---- Entries provided
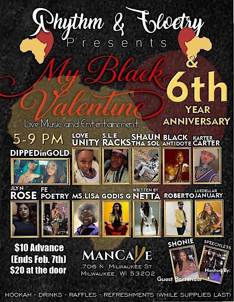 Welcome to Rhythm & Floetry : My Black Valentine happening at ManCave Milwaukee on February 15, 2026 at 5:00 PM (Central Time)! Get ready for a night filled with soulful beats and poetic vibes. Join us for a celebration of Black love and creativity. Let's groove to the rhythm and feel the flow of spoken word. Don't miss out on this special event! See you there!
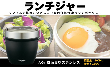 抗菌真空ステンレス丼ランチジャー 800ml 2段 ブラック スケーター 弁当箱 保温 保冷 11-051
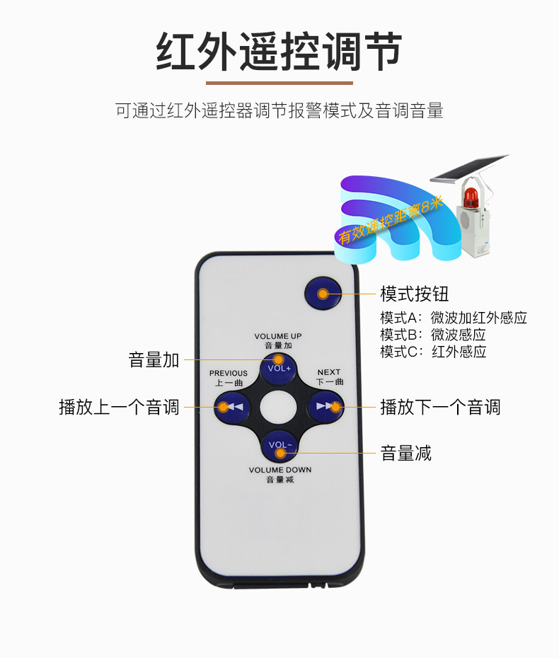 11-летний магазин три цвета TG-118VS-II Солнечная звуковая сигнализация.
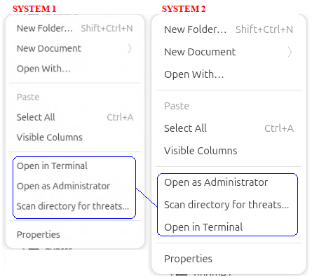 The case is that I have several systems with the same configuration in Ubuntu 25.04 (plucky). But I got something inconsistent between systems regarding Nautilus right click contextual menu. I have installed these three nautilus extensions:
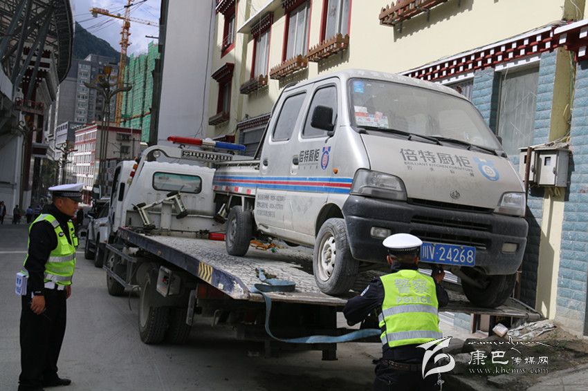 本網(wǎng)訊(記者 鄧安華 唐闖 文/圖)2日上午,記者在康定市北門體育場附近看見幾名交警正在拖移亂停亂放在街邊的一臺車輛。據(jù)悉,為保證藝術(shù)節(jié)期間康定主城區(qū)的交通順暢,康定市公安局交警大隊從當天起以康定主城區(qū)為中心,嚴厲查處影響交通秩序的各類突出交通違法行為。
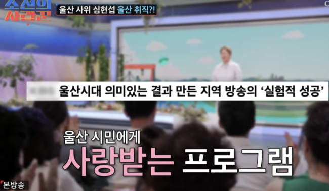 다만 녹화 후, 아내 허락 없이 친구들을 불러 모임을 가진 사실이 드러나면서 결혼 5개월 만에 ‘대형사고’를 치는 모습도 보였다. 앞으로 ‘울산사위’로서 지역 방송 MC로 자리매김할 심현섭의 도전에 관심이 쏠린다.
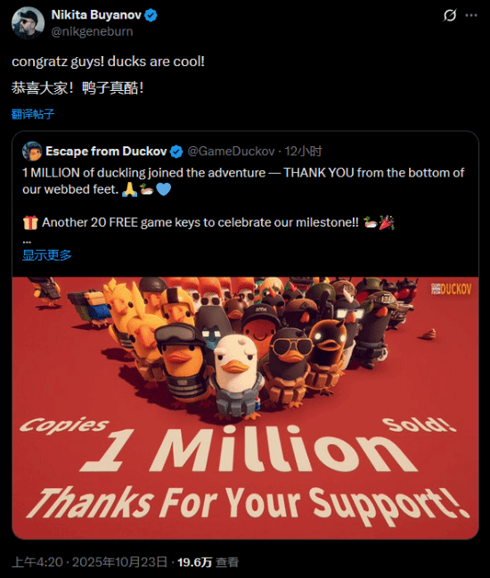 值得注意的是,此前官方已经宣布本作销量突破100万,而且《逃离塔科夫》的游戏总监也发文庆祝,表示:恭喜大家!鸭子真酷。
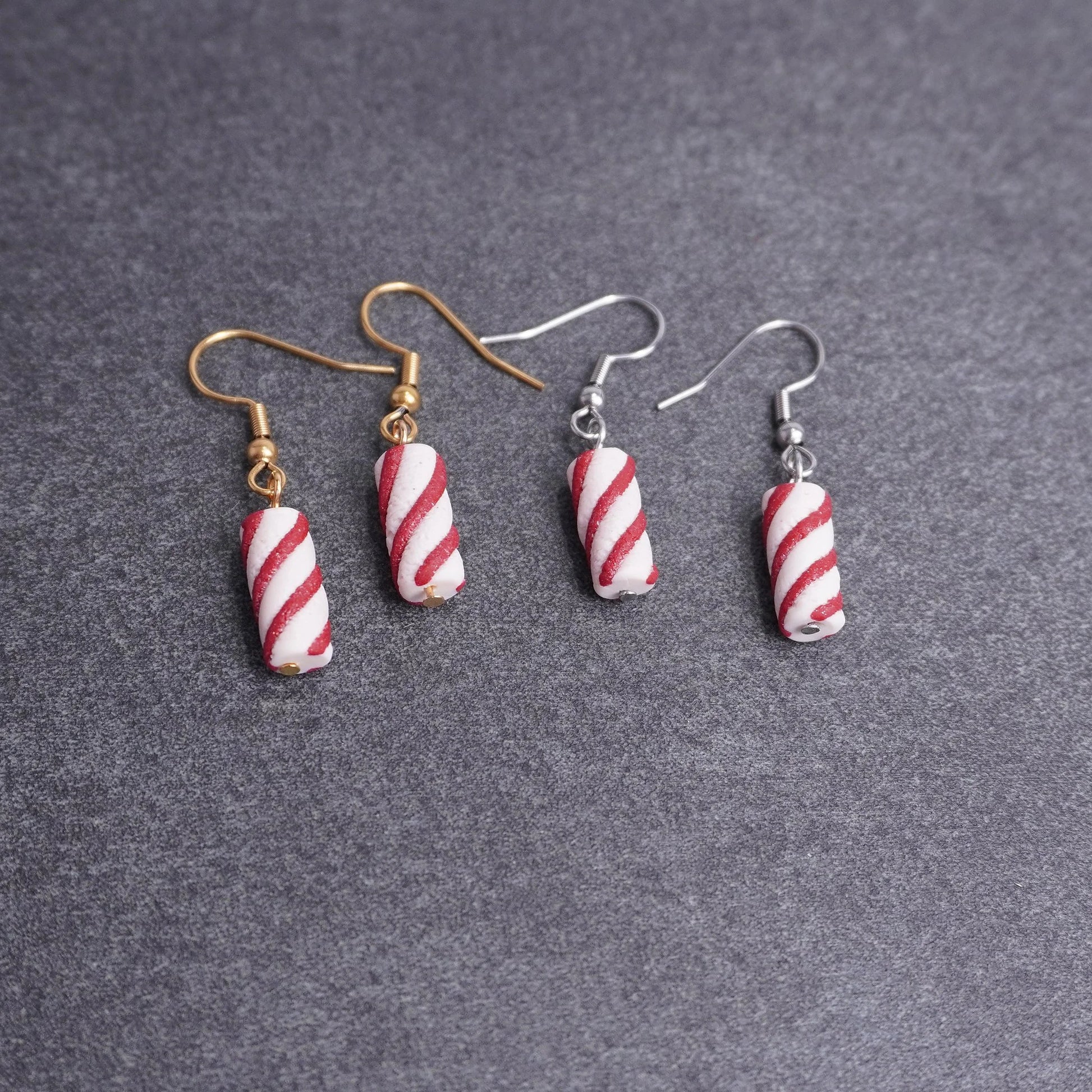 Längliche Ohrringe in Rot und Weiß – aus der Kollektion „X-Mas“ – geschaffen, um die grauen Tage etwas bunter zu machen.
--------
The range to print runs from the line with "The case is" through the last line of the entries, both included; keep it exact and skip the pictures.

§ **Task result**:
 The case is that I have several systems with the same configuration in Ubuntu 25.04 (plucky). But I got something inconsistent between systems regarding Nautilus right click contextual menu. I have installed these three nautilus extensions:
 本網(wǎng)訊(記者 鄧安華 唐闖 文/圖)2日上午,記者在康定市北門體育場附近看見幾名交警正在拖移亂停亂放在街邊的一臺車輛。據(jù)悉,為保證藝術(shù)節(jié)期間康定主城區(qū)的交通順暢,康定市公安局交警大隊從當天起以康定主城區(qū)為中心,嚴厲查處影響交通秩序的各類突出交通違法行為。
 다만 녹화 후, 아내 허락 없이 친구들을 불러 모임을 가진 사실이 드러나면서 결혼 5개월 만에 ‘대형사고’를 치는 모습도 보였다. 앞으로 ‘울산사위’로서 지역 방송 MC로 자리매김할 심현섭의 도전에 관심이 쏠린다.
 值得注意的是,此前官方已经宣布本作销量突破100万,而且《逃离塔科夫》的游戏总监也发文庆祝,表示:恭喜大家!鸭子真酷。
 Längliche Ohrringe in Rot und Weiß – aus der Kollektion „X-Mas“ – geschaffen, um die grauen Tage etwas bunter zu machen.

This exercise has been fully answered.